Trends in popular music come and go. After Soul there was Funk, then Disco. The PBS series American Experience puts Disco in a historical and cultural context with a revisionist point of view that, in my opinion, forces facts to fit its theory.
“The Death of Disco” emphasizes that Disco was embraced by gay men who were active in the dance club scene of the 70’s. Yet nothing is said about the connection between that free-swinging lifestyle and the rapid spread of AIDS.
The claim in the documentary that Disco wasn’t heard on radio stations until Saturday Night Fever isn’t correct. For example, “Love’s Theme” by Barry White was Billboard’s #4 hit of 1974…
… and at #7 for that year was “T.S.O.P. (The Sound of Philadelphia)”.
The assertion that Disco’s decline was an immediate result of the Disco Sucks rally in the summer of ’79, by white working class Rock fans at a Comiskey Park baseball game, is another misrepresentation.
Disco Demolition Night was a radio station stunt fronted by shock jock Steve Dahl. In the documentary, Dahl refutes the idea that the event was racist and homophobic by saying it was a protest against Saturday Night Fever and the Bee Gees dominating radio airplay.

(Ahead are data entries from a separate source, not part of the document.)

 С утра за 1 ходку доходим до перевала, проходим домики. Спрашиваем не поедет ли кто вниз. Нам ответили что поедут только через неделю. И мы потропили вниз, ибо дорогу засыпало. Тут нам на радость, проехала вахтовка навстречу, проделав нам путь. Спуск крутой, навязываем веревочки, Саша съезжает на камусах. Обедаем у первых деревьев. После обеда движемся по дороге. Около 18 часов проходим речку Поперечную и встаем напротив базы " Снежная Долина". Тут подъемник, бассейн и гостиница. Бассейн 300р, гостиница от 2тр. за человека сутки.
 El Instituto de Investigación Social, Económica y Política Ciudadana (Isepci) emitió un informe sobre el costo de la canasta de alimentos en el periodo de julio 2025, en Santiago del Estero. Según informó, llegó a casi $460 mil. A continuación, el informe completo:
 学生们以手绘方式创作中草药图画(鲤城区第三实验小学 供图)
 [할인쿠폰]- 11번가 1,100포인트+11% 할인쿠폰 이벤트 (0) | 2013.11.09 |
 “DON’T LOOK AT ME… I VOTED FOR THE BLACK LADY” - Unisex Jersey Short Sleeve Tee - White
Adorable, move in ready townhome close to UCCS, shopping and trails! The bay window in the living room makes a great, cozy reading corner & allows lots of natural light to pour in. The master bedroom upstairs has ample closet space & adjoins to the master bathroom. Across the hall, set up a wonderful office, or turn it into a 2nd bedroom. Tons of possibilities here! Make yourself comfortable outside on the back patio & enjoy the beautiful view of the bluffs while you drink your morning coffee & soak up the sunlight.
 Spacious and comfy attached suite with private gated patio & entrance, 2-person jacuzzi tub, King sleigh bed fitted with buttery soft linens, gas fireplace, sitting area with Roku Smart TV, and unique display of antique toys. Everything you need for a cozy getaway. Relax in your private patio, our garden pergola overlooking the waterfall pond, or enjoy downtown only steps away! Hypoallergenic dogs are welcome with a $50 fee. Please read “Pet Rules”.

Saturday Night Fever isn’t about being Black or gay, with the caveat that John Travolta’s older brother in the movie, who leaves the priesthood, is gay. It isn’t stated outright, but it’s plainly there. A year after the riot, the movie Airplane! made fun of not only Saturday Night Fever, but Chicago radio’s anti-Disco reputation.
Saturday Night Fever was released for Christmas ’77 (just six months into the Star Wars phenomenon). The movie is itself about working class kids embracing Disco. It was a huge success, and an even bigger hit as a soundtrack. I remember it all well, because I was working at a small commercial AM radio station.

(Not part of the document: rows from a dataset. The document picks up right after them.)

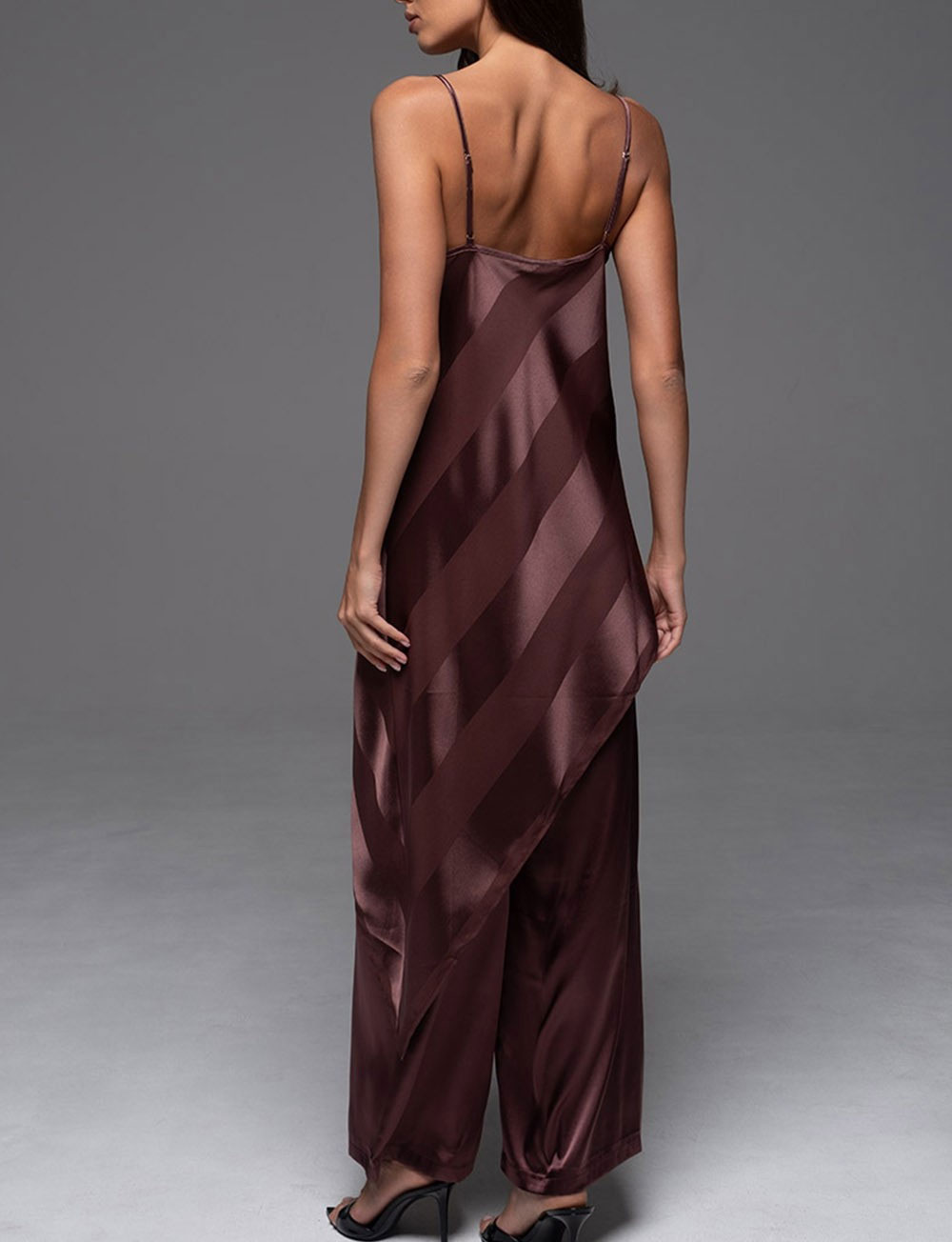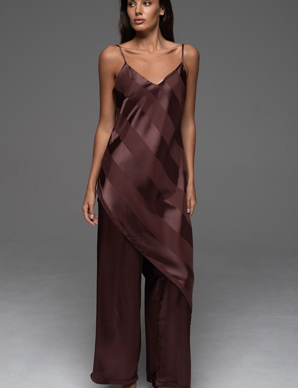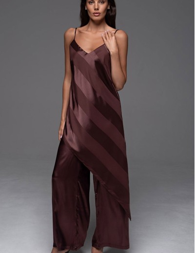Стильный коричневый комплект ILONA 7544 от бренда Mia-Amore включает асимметричный топ на тонких бретелях и широкие брюки палаццо. Топ изготовлен из шёлка-атласа с жаккардовым рисунком, который сочетает широкие глянцевые и матовые полосы, в то время как брюки выполнены из гладкого искусственного шелка, что придает образу интересный небанальный вид.
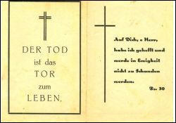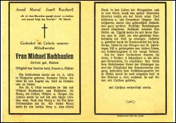 ∞ 29.9.1926 Michael Bachhausen aus Blatzheim; erlebte das "Elend…, als der Feind unser Dorf erstürmte u. alle Einwohner längere Zeit einsperrte"; ihre geschwächte Gesundheit dabei ganz zerrüttet |
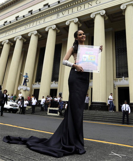 Megan Young cầm trên tay những con tem có in hình cô, hình ảnh của hoa hậu 24 tuổi đã xuất hiện trên 80.000 con tem thông thường và 7000 con tem lưu niệm
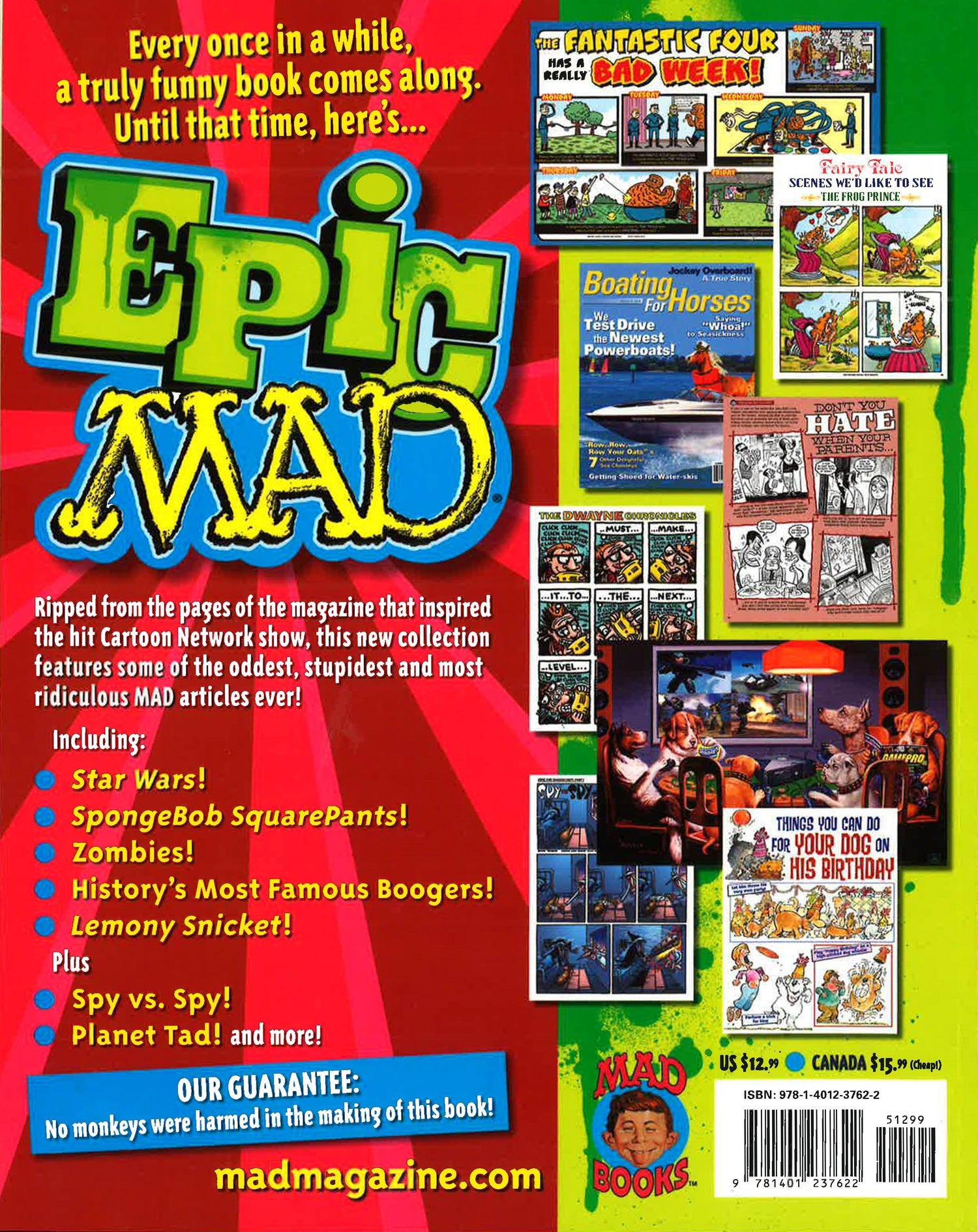 The Usual Gang of Idiots is at it again - and this time, they've come up with the new EPIC MAD TP! Ripped from the pages of the magazine that inspired the hit Cartoon Network show, this new collection features some of the oddest and most stupid and ridiculous MAD articles ever! Including are classic spoofs of: * Star Wars! * Sponge Bob Square Pants! * Zombies! * History's Most Famous Bloggers! * Lemony Snicket! Plus Spy vs. Spy, Planet Tad, and more!

The Bee Gees were straight, white Australian brothers who were old pros by that time, with more than ten years in the music business. If there is outrage to be expressed, it should be that Disco was yet another Black music trend that was appropriated by Whites.
While Saturday Night Fever was still dominating the popular music charts, the Village People had their back-to-back hit singles, “Macho Man” and Donald’s favorite (see the picture a the top of this post), “Y.M.C.A.”
If the lyric “you can get yourself clean” was about taking a shower, it was also a reference to drug use. Doctors were already dealing with a widespread Hepatitis outbreak among urban gay men who injected drugs when “gay cancer” began to appear.
Otherwise, the Village People were a tongue-in-cheek (or wherever) joke, cashing in on a musical genre that was ripe for parody. “Disco Duck” is from 1976, on RSO (Robert Stigwood Organization), the same label as the Saturday Night Fever soundtrack eighteen months later.
I’m not going to deny that Disco came to a fairly quick end, but it had simply run its course, leaving behind a lot of catchy, danceable music. Along with Disco there was Glam, with its own gay subculture. Punk was an early reaction to the slick, highly produced Disco sound. New Wave came along with Punk. Years later, Electronica revitalized the popularity of dance clubs.
As I said at the start, the progression was from Soul to Funk to Disco. Rap was the next Black sound to dominate, and Blondie had already picked up on it in 1980, the year when Disco Fever finally cooled off.
Follow-up: This timely news was announced today. Barry Gibb of the Bee Gees has been awarded a Kennedy Center Honor for lifetime artistic achievement.